■ **Problem requirements**:
Please return the listing exactly as written, but without its pictures.

■ **Recorded information**:
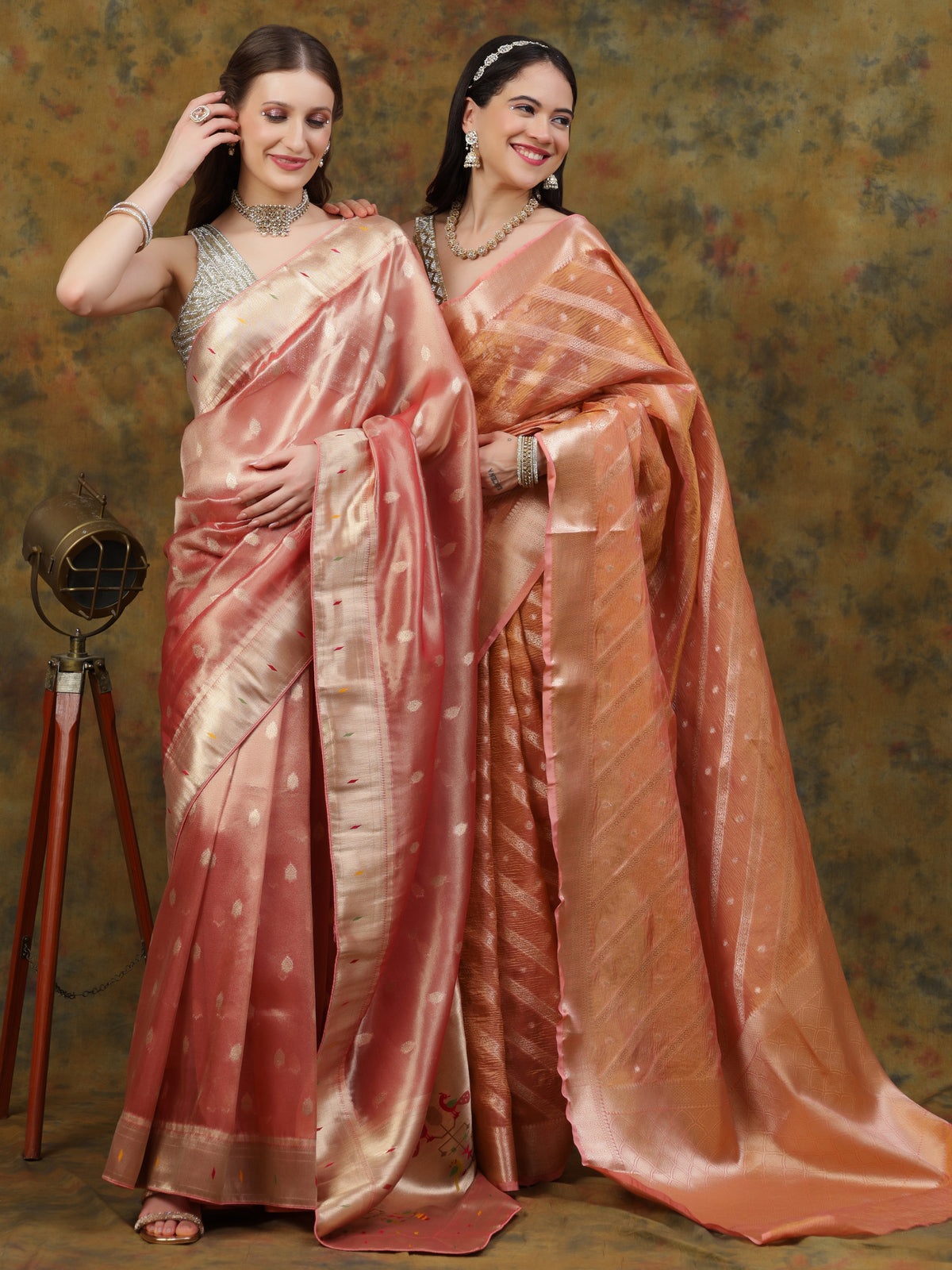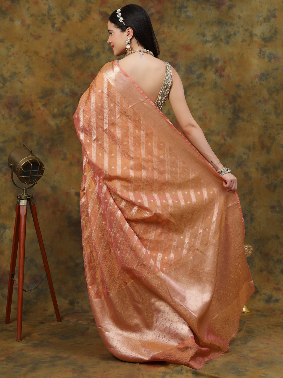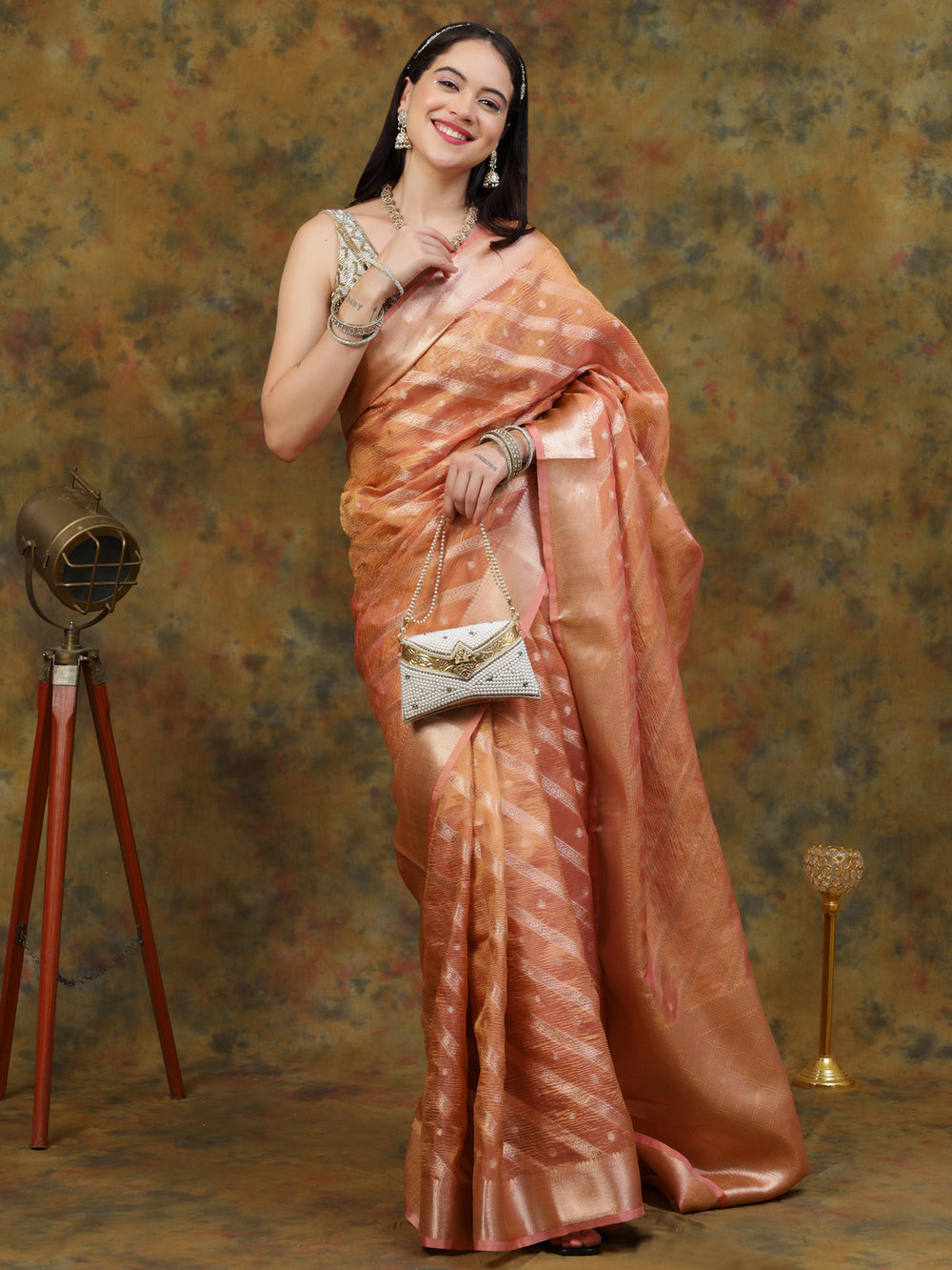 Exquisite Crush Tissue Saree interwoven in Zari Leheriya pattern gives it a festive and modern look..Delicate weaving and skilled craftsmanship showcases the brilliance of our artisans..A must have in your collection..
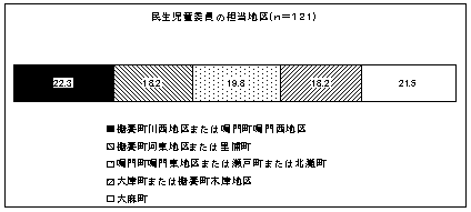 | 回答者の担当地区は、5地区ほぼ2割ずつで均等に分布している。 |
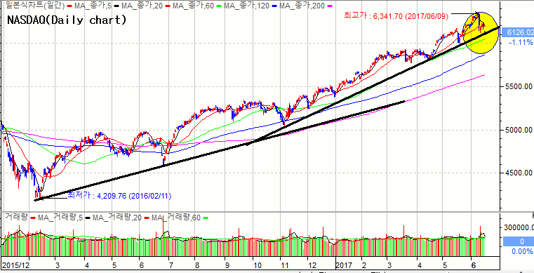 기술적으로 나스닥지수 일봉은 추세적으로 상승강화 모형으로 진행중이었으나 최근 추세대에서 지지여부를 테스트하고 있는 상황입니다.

■ **Final answer**:
 Exquisite Crush Tissue Saree interwoven in Zari Leheriya pattern gives it a festive and modern look..Delicate weaving and skilled craftsmanship showcases the brilliance of our artisans..A must have in your collection..
 | 回答者の担当地区は、5地区ほぼ2割ずつで均等に分布している。 |
 기술적으로 나스닥지수 일봉은 추세적으로 상승강화 모형으로 진행중이었으나 최근 추세대에서 지지여부를 테스트하고 있는 상황입니다.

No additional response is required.